Direct Effector Functions of FLS
One important feature of RA is the direct contribution of FLS to the degeneration of joints. Models of FLS transplanted together with cartilage into immunodeficient mice demonstrated that once activated, RA FLS acquire an aggressive phenotype that invades adjacent cartilage (91). RA FLS secrete multiple species of extracellular protease enzymes such as matrix metalloproteinases (MMPs). MMPs can be subdivided according to their substrates into collagenases, stromelysins, gelatinases, and membrane-type MMPs. The collagenases MMP-1 and MMP-13, and the stromelysin MMP-3 are the most important MMPs in the RA pathogenesis (3). FLS also produce tissue inhibitors of metalloproteinases (TIMPs). Cartilage destruction depends on the balance between MMPs and TIMPs. When the balance favors MMPs, cartilage degradation proceeds. The expression of MMPs, but not TIMPS, is upregulated by inflammatory cytokines (IL-1β, TNF, and IL-17) (3), which is consistent with the correlation between inflammation and cartilage degradation.

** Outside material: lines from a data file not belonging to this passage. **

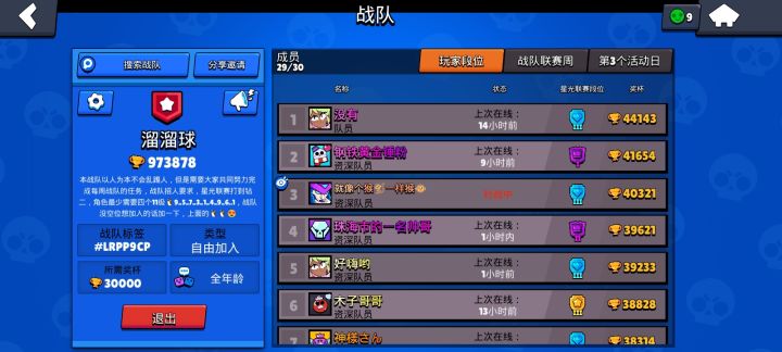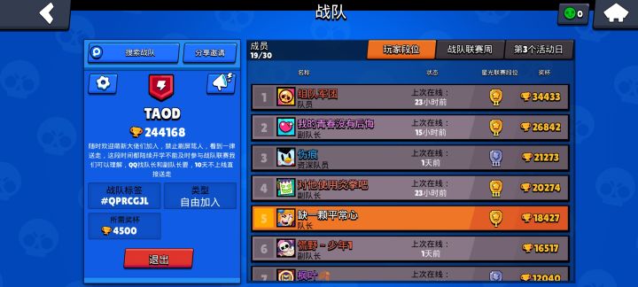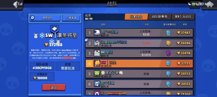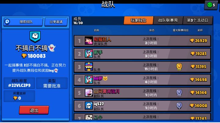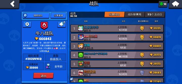 我们7个人左右,均杯3w,我5w,之前是战队队长,家族混子太多也没时间招新,奖励打不满,很糟心有活跃战队需要清人的联系
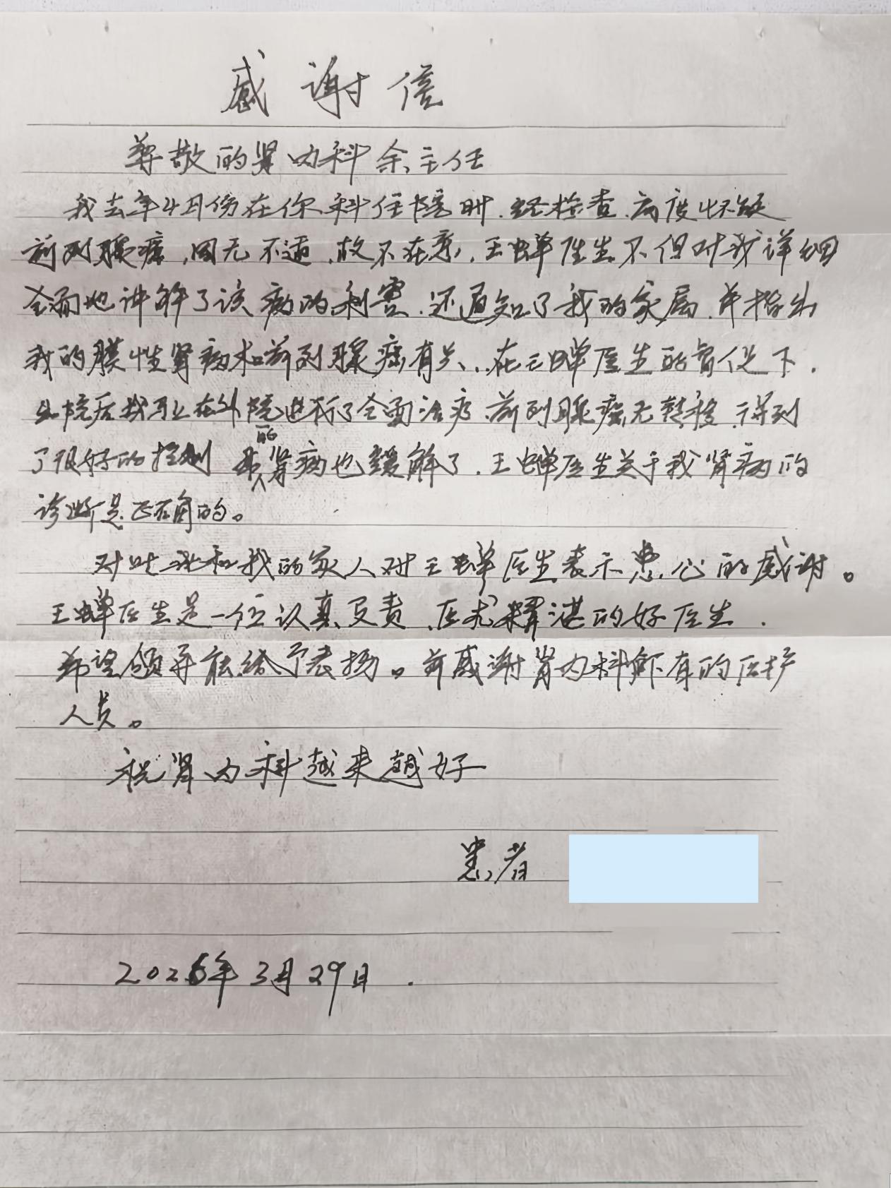 事后,茹先生在信中写道:王蝉医生是一位认真负责、医术精湛的好医生。同时,他也向医院肾内科全体医护人员表达了诚挚的谢意。
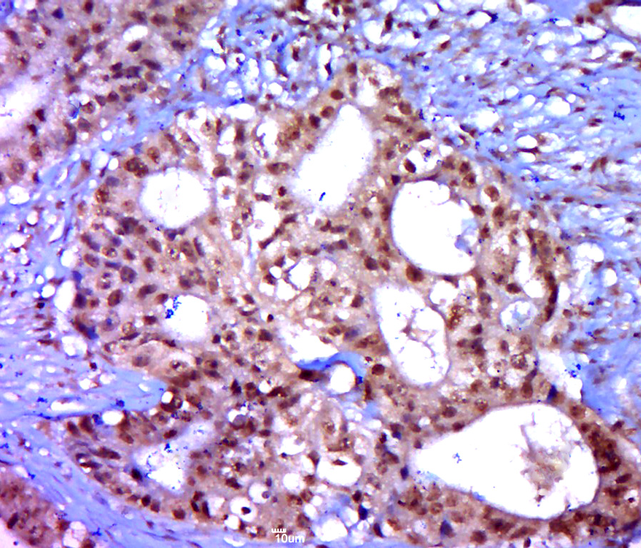 Paraformaldehyde-fixed, paraffin embedded (Human liver cancer); Antigen retrieval by boiling in sodium citrate buffer (pH6.0) for 15min; Block endogenous peroxidase by 3% hydrogen peroxide for 20 minutes; Blocking buffer (normal goat serum) at 37°C for 30min; Antibody incubation with (p-eIF2B epsilon (Ser539)) Polyclonal Antibody, Unconjugated (bs-14519R) at 1:400 overnight at 4°C, followed by operating according to SP Kit(Rabbit) (sp-0023) instructionsand DAB staining.

A disintegrin and metalloproteinase with thrombospondin motifs (ADAMTs) comprise another family of extracellular proteases. ADAMTS4 and ADAMTS5 produced by FLS lead to cartilage damage in RA (92). Adhesion molecules, such as integrins and cadherins, are also involved in cartilage degeneration. As described above, FLS in the intimal lining increase the expression of MMPs via signaling of integrin α9 and cadherin 11 (77, 78). RA FLS also express higher amounts of integrin α5β1, which plays an important role together with syndecan 4 in the adhesion of cells to, and destruction of, the cartilage matrix (93). Another essential function of FLS is osteoclastogenesis, which is also involved in joint destruction, via RANKL and M-CSF secretion. Although activated T cells also produce RANKL, conditional knockout in vivo experiments revealed that FLS contribute to bone destruction more than T cells (63).

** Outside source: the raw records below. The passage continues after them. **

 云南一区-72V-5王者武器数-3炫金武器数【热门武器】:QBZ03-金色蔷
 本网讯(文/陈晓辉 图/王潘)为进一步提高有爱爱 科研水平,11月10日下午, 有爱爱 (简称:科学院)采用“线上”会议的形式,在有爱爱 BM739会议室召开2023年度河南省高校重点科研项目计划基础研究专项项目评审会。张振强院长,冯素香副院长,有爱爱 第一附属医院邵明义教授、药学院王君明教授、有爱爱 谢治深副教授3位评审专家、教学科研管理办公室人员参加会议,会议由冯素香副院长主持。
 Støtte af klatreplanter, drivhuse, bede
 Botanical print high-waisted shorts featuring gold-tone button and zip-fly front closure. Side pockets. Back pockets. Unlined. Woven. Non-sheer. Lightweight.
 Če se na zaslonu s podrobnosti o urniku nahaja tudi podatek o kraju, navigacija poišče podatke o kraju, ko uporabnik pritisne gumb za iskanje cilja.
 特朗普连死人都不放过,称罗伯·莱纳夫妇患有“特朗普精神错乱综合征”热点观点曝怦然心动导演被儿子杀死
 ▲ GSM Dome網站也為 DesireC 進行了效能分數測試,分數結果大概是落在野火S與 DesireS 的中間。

Several studies on RA have confirmed that FLS—non-immune cells found in target organs—play several roles in disease development. These findings have increased our understanding of the immune responses of ELSs at local inflammatory sites. However, many questions remain to be answered about the immune responses at local inflammatory sites, including autoantibody development in ELSs and the complex roles of helper T cells. Recent single-cell analysis has demonstrated that FLS can be classified into several subsets (94). Further investigation of the interactions between FLS and immune cells will improve our understanding of human immunology and aid in the development of new RA treatments.
The author confirms being the sole contributor of this work and has approved it for publication.
This review is supported by JSPS KAKENHI Grant Number JP19H03780.
Conflict of Interest Statement
The author declares that the research was conducted in the absence of any commercial or financial relationships that could be construed as a potential conflict of interest.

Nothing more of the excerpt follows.